Regarding Cyclonic intensity  and frequency in the Atlantic the report states. 

 

Statistical tests indicate that this trend is
not significantly distinguishable from zero (Figure 2). In addition, Landsea et al. (2010) note that the rising trend in Atlantic tropical storm counts is almost entirely due to increases in short-duration (<2 day) storms alone. Such short-lived storms were particularly likely to have been overlooked in the earlier parts of the record, as they would have had less opportunity for chance encounters with ship traffic.

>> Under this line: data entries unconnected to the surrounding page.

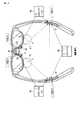 図2に示すように、一方のテンプル、例えば右テンプル18のフレーム12に近い部分に眼電位の検出のための処理部30が内蔵あるいは外付けされている。他方のテンプル、例えば左テンプル20のフレーム12に近い部分に処理部30のためのバッテリ34が内蔵あるいは外付けされている。処理部30は単に眼電位検出だけではなく、AR表示が可能なメガネ型ウェアラブル装置においては、表示制御も行ってもよい。処理部30はメガネに内蔵するのではなく、メガネの外部に設け、無線又はワイヤでメガネと処理部30とを接続してもよい。その場合、バッテリ34は処理部30に内蔵してメガネの外部に設けることができる。また、処理部30の機能を2つに分けて、電極からの信号をセンスする第1処理部のみメガネに設け、センス信号から眼電位を検出したり、検出結果に応じて制御する第2処理部をメガネの外部に設けてもよい。スマートフォン等の携帯端末を第2処理部として使用することができる。第2処理部はメガネに直接接続される携帯端末等に限らず、ネットワークを介して接続されるサーバ等も含む。[EOG signal]
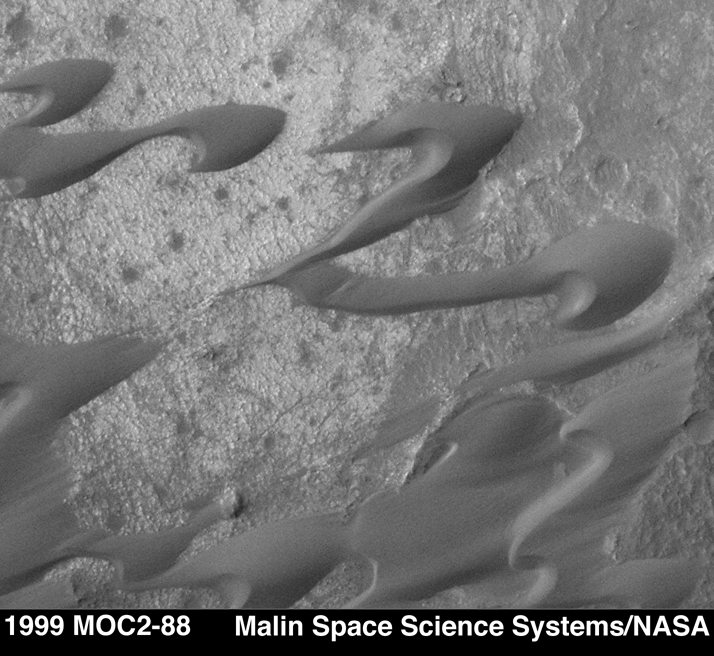 region of Syrtis Major. The shapes of these dunes indicate that wind has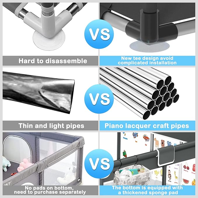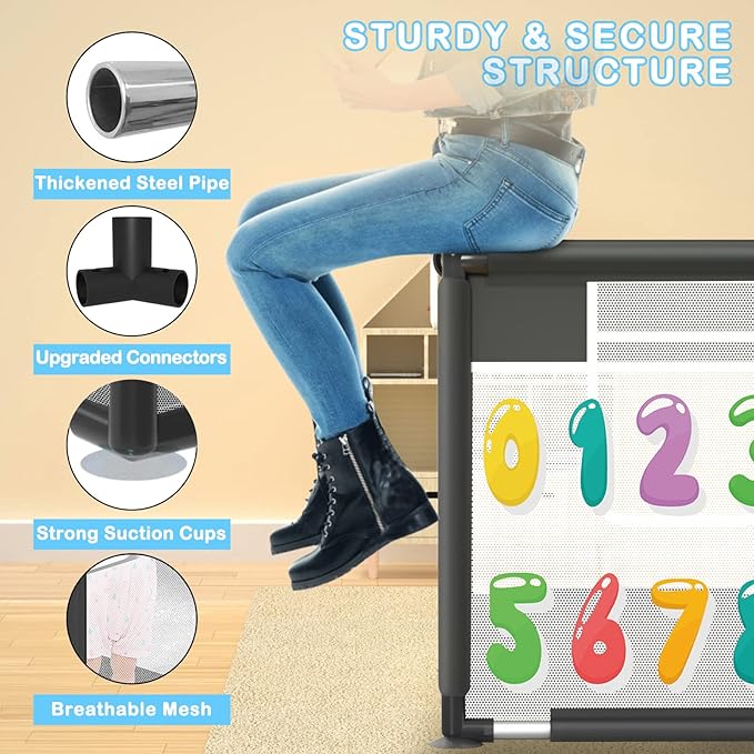 - ✅【Safer Design】There are 10 anti-skid suction cups under the fence column, which can prevent the fence from sliding and turning over on a smooth floor; the 27-inch fence height effectively prevents children from leaving the play area and provides safety for children For protection; The 360-degree wide-angle viewing angle allows you to observe the child's movements at any time!

Figure 3 (click to enlarge)

Figure 4 (click to enlarge)
If we instead consider Atlantic basin hurricanes, rather than all Atlantic tropical storms, the result is similar: the reported numbers of hurricanes were sufficiently high during the 1860s-1880s that again there is no significant positive trend in numbers beginning from that era (Figure 3, black curve, from
CCSP 3.3 (2008)). This is without any adjustment for “missing hurricanes”.

The evidence for an upward trend is even weaker if we look at U.S. landfalling hurricanes, which even show a slight negative trend beginning from 1900 or from the late 1800s (Figure 3, blue curve). Hurricane landfalling frequency is much less common than basin-wide occurrence, meaning that the U.S. landfalling hurricane record, while more reliable than the basin-wide record, suffers from degraded signal-to-noise characteristics for assessing trends..

 

Some scientists do  project that there may be an increase using computer models but this may yet to occur.

 

I have no reason to question the integrity of these scientists. If their findings are inaccurate I am sure other researchers will point it out. In my years of Biomedical research at UT Med there are always other researchers ready to "cut you down to size" if they find inaccuracies.